**TASK PROMPT:**
Copy every entry verbatim and skip the pictures.

Collection entries:
• • • • • • •
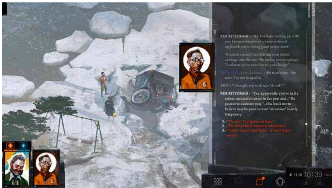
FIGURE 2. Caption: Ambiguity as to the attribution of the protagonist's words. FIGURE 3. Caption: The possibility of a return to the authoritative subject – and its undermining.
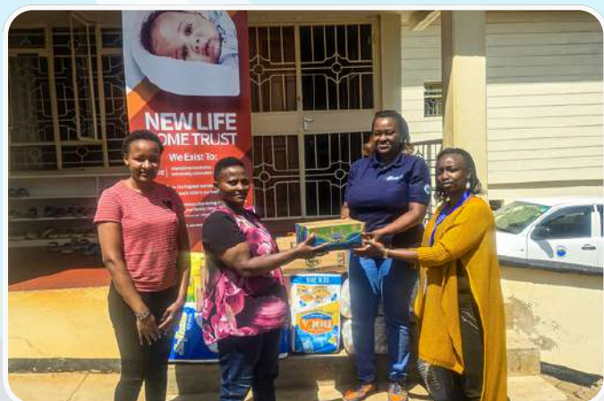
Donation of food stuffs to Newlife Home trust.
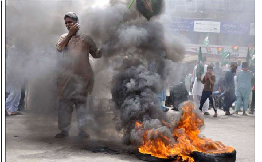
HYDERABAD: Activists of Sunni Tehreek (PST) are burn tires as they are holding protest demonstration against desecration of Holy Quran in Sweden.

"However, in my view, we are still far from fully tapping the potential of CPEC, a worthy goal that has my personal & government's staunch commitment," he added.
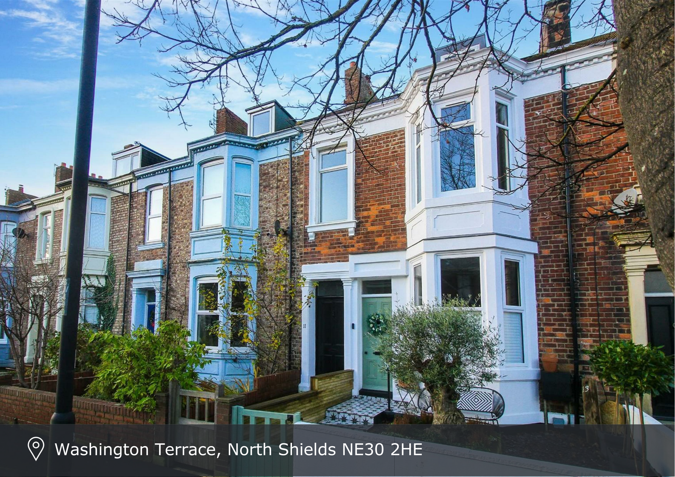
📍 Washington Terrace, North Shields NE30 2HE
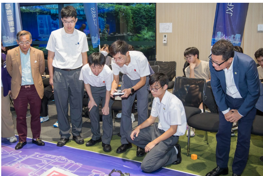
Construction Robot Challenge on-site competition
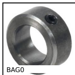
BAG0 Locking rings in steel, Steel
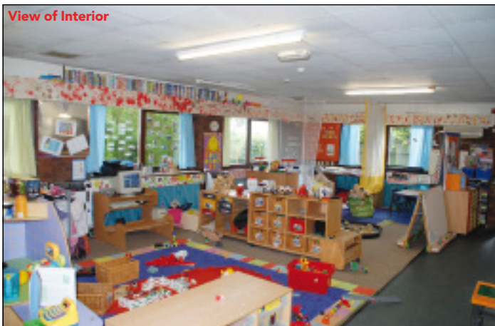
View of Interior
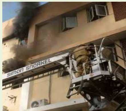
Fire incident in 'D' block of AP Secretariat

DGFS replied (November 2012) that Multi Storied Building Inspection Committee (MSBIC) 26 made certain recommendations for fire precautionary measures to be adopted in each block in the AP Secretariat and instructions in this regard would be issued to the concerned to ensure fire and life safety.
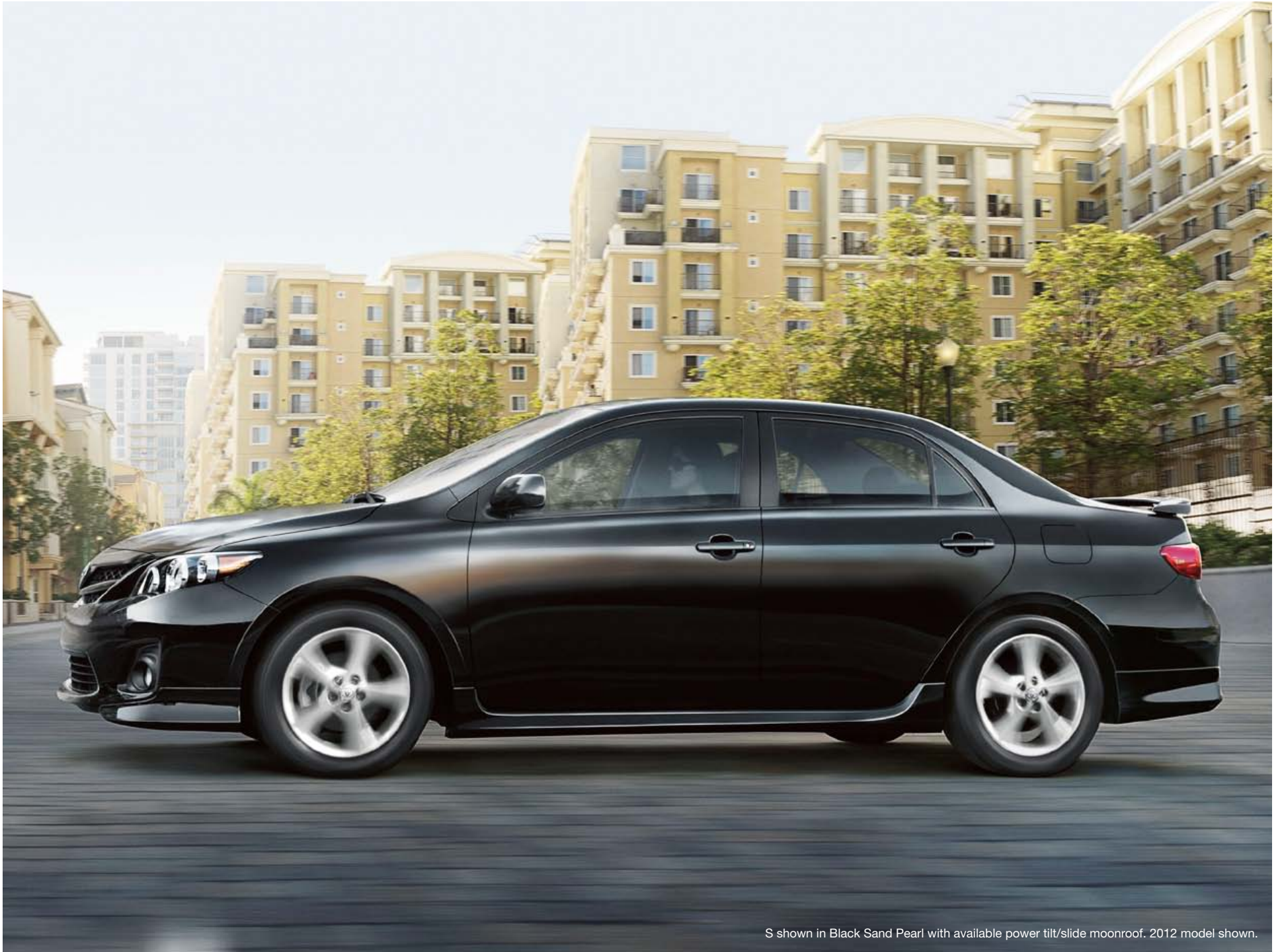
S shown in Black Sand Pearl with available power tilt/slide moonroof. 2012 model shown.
• • • • • • •
**ANSWER SPACE:**
FIGURE 2. Caption: Ambiguity as to the attribution of the protagonist's words. FIGURE 3. Caption: The possibility of a return to the authoritative subject – and its undermining.
Donation of food stuffs to Newlife Home trust.
HYDERABAD: Activists of Sunni Tehreek (PST) are burn tires as they are holding protest demonstration against desecration of Holy Quran in Sweden.

"However, in my view, we are still far from fully tapping the potential of CPEC, a worthy goal that has my personal & government's staunch commitment," he added.
📍 Washington Terrace, North Shields NE30 2HE
Construction Robot Challenge on-site competition
BAG0 Locking rings in steel, Steel
View of Interior
Fire incident in 'D' block of AP Secretariat

DGFS replied (November 2012) that Multi Storied Building Inspection Committee (MSBIC) 26 made certain recommendations for fire precautionary measures to be adopted in each block in the AP Secretariat and instructions in this regard would be issued to the concerned to ensure fire and life safety.
S shown in Black Sand Pearl with available power tilt/slide moonroof. 2012 model shown.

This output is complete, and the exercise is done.